== Action item ==
No pictures belong in the copy. Retype exactly, and only, the stretch of lines below from the one with "Collection: Wycombe Colors: Black, Light" through the one with "联通沪珠卡,是上海地区上线的".

== Records for the exercise ==
======
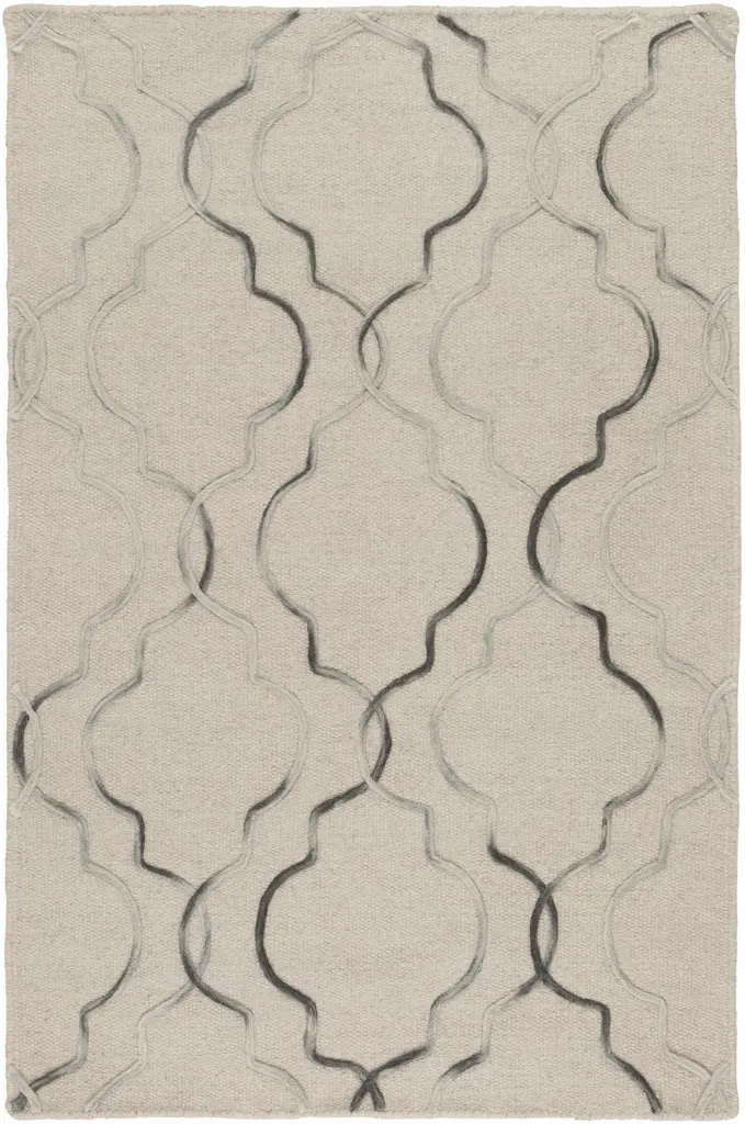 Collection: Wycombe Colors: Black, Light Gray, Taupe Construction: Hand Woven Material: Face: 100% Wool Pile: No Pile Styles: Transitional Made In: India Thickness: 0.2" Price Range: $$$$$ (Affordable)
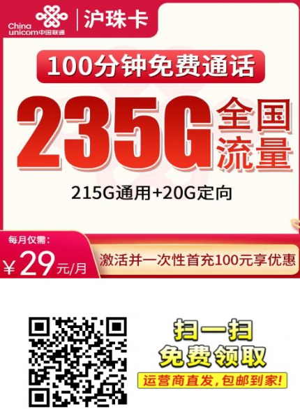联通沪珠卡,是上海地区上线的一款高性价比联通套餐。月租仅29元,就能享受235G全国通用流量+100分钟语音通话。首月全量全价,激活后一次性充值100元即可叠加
======
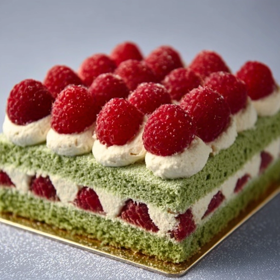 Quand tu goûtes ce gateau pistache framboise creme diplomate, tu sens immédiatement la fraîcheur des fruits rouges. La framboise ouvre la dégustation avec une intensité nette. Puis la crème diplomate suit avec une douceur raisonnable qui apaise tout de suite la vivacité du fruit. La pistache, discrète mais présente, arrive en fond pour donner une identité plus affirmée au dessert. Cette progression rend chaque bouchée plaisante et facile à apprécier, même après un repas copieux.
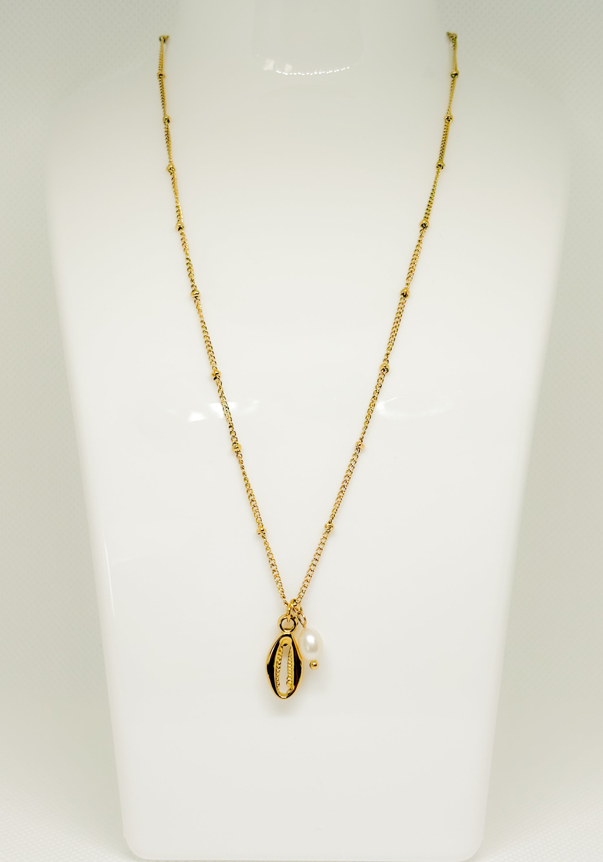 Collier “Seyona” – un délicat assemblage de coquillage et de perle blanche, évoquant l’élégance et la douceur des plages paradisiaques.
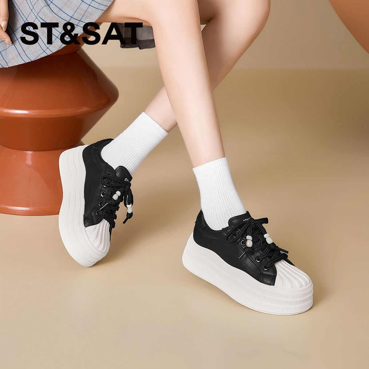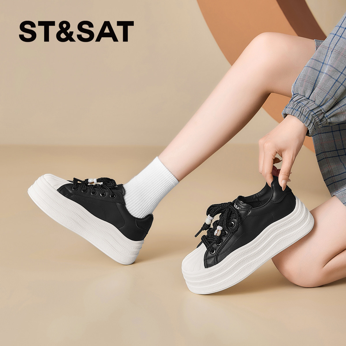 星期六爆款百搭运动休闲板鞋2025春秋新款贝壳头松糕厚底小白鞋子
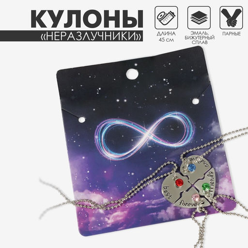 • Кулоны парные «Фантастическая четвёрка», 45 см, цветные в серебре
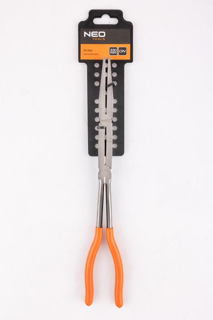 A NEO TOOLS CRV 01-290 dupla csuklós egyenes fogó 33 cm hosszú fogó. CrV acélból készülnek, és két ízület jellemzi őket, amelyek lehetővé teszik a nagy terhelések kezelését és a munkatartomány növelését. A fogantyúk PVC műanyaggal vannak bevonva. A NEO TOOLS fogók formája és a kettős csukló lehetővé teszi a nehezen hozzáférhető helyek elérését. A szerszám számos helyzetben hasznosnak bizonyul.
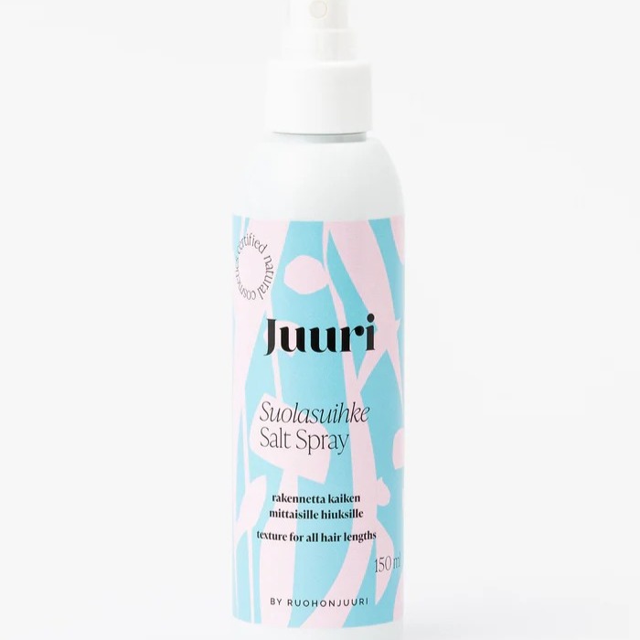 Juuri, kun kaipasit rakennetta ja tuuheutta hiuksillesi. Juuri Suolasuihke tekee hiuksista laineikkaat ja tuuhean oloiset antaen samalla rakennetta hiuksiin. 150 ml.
======
== Response area ==
 Collection: Wycombe Colors: Black, Light Gray, Taupe Construction: Hand Woven Material: Face: 100% Wool Pile: No Pile Styles: Transitional Made In: India Thickness: 0.2" Price Range: $$$$$ (Affordable)
联通沪珠卡,是上海地区上线的一款高性价比联通套餐。月租仅29元,就能享受235G全国通用流量+100分钟语音通话。首月全量全价,激活后一次性充值100元即可叠加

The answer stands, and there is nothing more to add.